The pathway(s) by which disuse is transduced into locally mediated osteoclastic resorption remain unknown. We found that both acute disuse (in vivo) and direct hypoxia (in vitro) induced rapid upregulation of OPN expression by osteocytes. Within the context of OPN's role in osteoclast migration and attachment, hypoxia-induced osteocyte OPN expression may serve to mediate disuse-induced bone resorption.

Introduction: We have recently reported that disuse induces osteocyte hypoxia. Because hypoxia upregulates osteopontin (OPN) in nonconnective tissue cells, we hypothesized that both disuse and hypoxia would rapidly elevate expression of OPN by osteocytes.

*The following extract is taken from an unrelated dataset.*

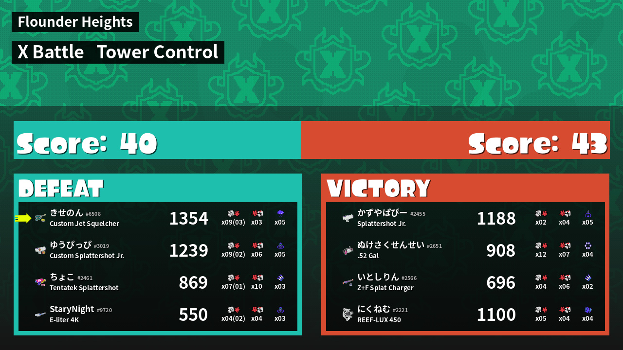 | Mode | Tower Control - X Battle | ||

Materials and Methods: The response of osteocytes to 24 h of disuse was explored by isolating the left ulna diaphysis of adult male turkeys from loading (n = 5). Cortical osteocytes staining positive for OPN were determined using immunohistochemistry and confocal microscopy. In vitro experiments were performed to determine if OPN expression was altered in MLO-Y4 osteocytes by direct hypoxia (3, 6, 24, and 48 h) or hypoxia (3 and 24 h) followed by 24 h of reoxygenation. A final in vitro experiment explored the potential of protein kinase C (PKC) to regulate hypoxia-induced osteocyte OPN mRNA alterations.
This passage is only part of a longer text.